• Work order:
Could you print the listing again exactly, omitting the pictures?

• Recorded information:
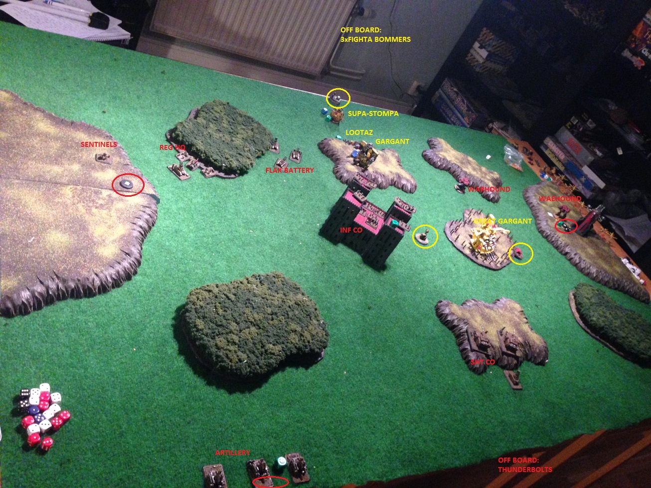 Stompa mob garrisoned on the right flank next to a forest. Lootas garrisoned behind a hill near the blitz. Inf Co garrisoned in the Battlescene design Guildhall of awesome in the middle.
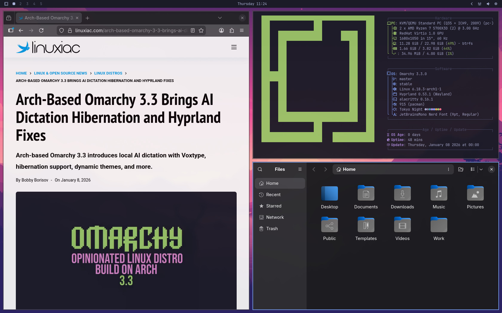 Omarchy, a preconfigured Arch Linux setup packaged as a distro that ships with a Hyprland tiling window manager and a curated set of defaults and developer tools, has announced the release of version 3.3.
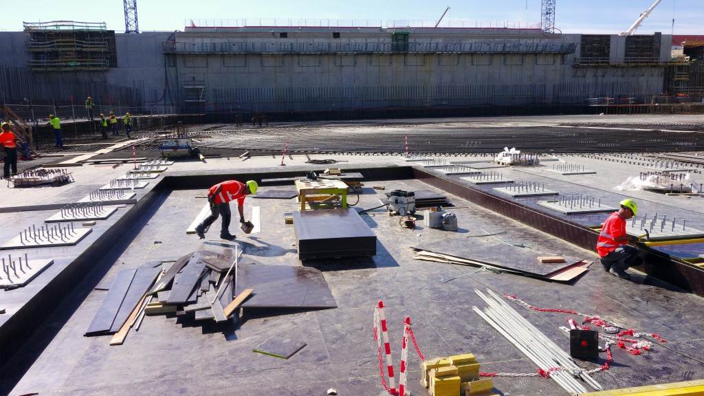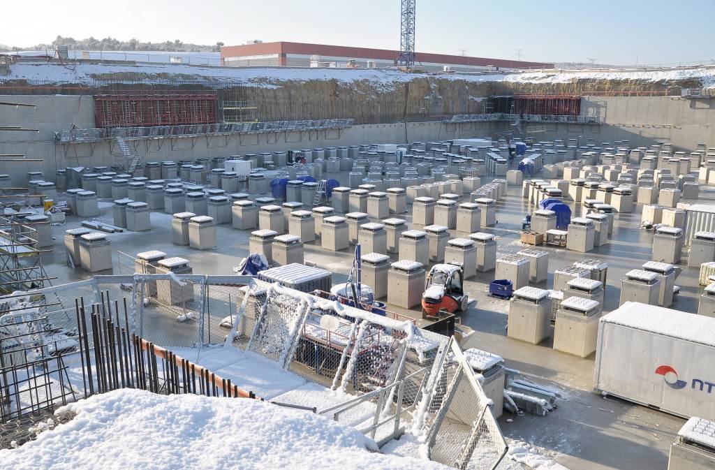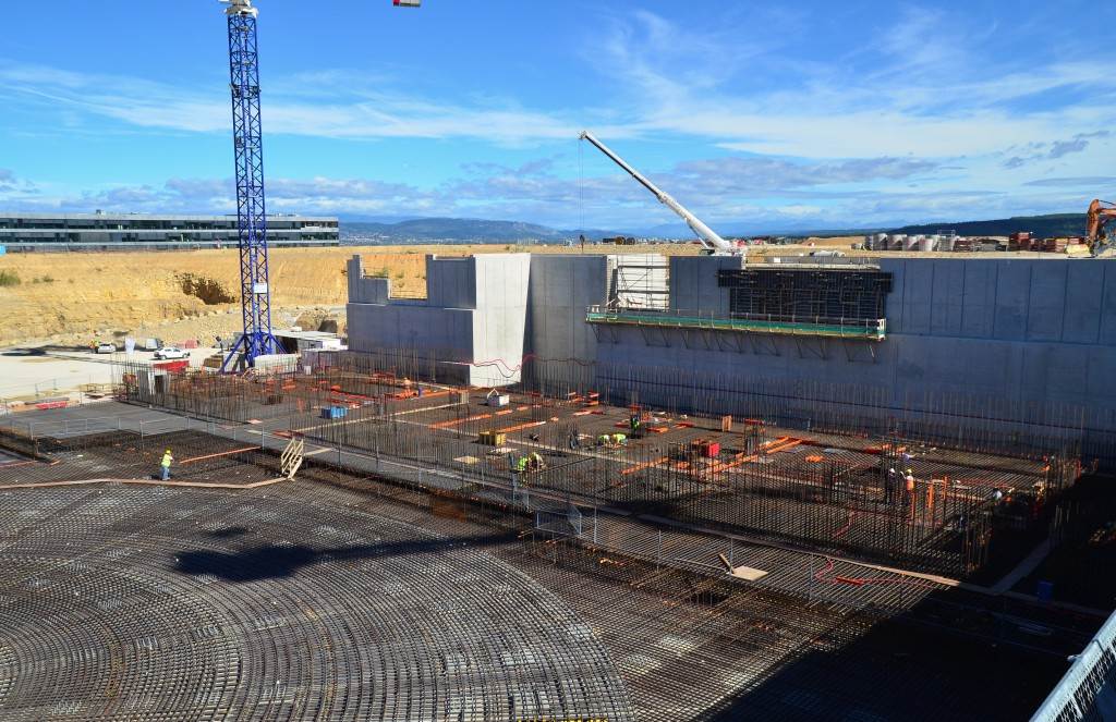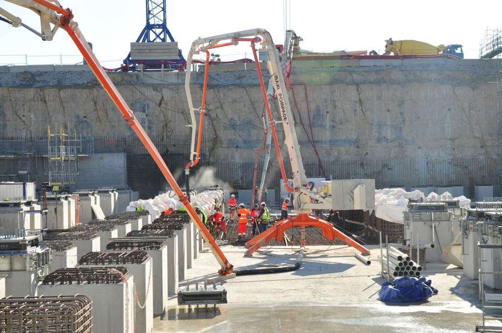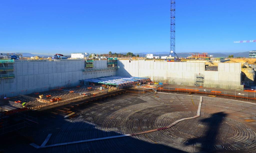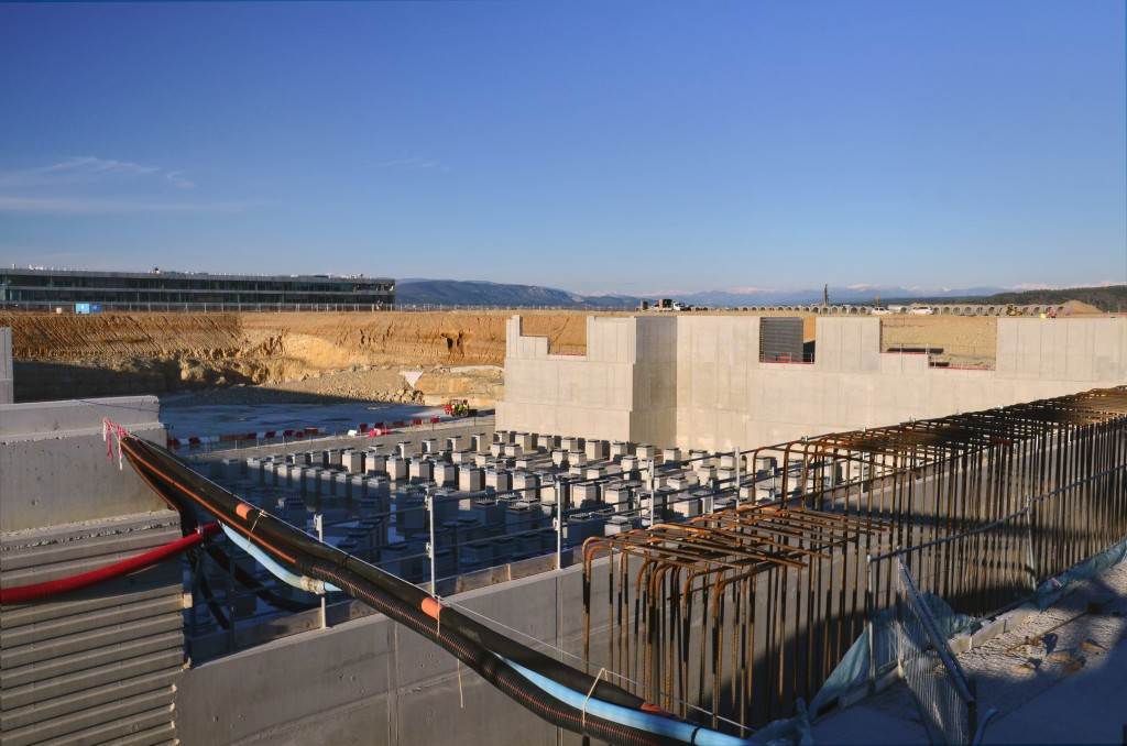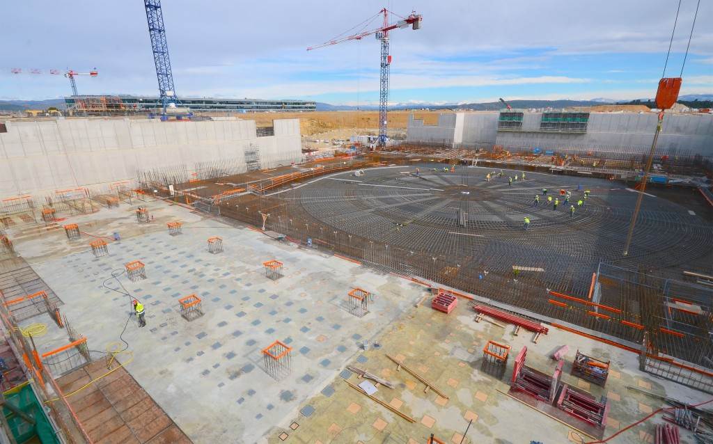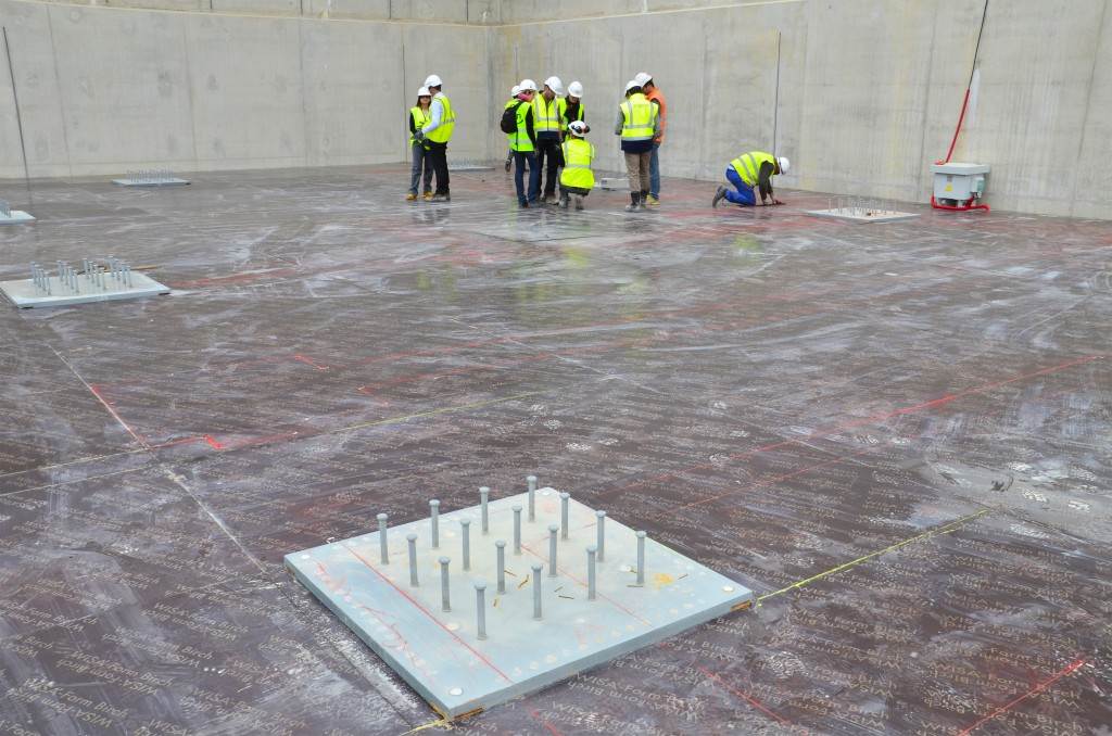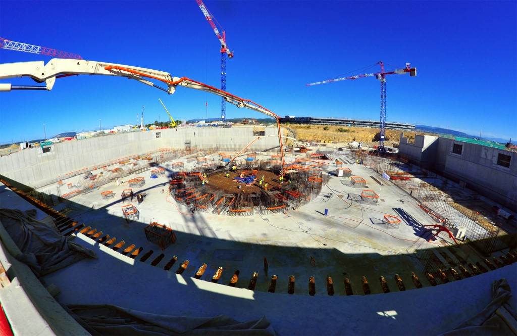 From August 2010 to August 2014, workers excavated the 17-metre-deep, 90 x 130 metre Tokamak Complex Seismic Pit, created a ground-level basemat and retaining walls, installed 493 seismic columns and pads, and poured the B2 basemat slab (the "floor" of the Tokamak Complex).

• Your solution:
 Stompa mob garrisoned on the right flank next to a forest. Lootas garrisoned behind a hill near the blitz. Inf Co garrisoned in the Battlescene design Guildhall of awesome in the middle.
 Omarchy, a preconfigured Arch Linux setup packaged as a distro that ships with a Hyprland tiling window manager and a curated set of defaults and developer tools, has announced the release of version 3.3.
 From August 2010 to August 2014, workers excavated the 17-metre-deep, 90 x 130 metre Tokamak Complex Seismic Pit, created a ground-level basemat and retaining walls, installed 493 seismic columns and pads, and poured the B2 basemat slab (the "floor" of the Tokamak Complex).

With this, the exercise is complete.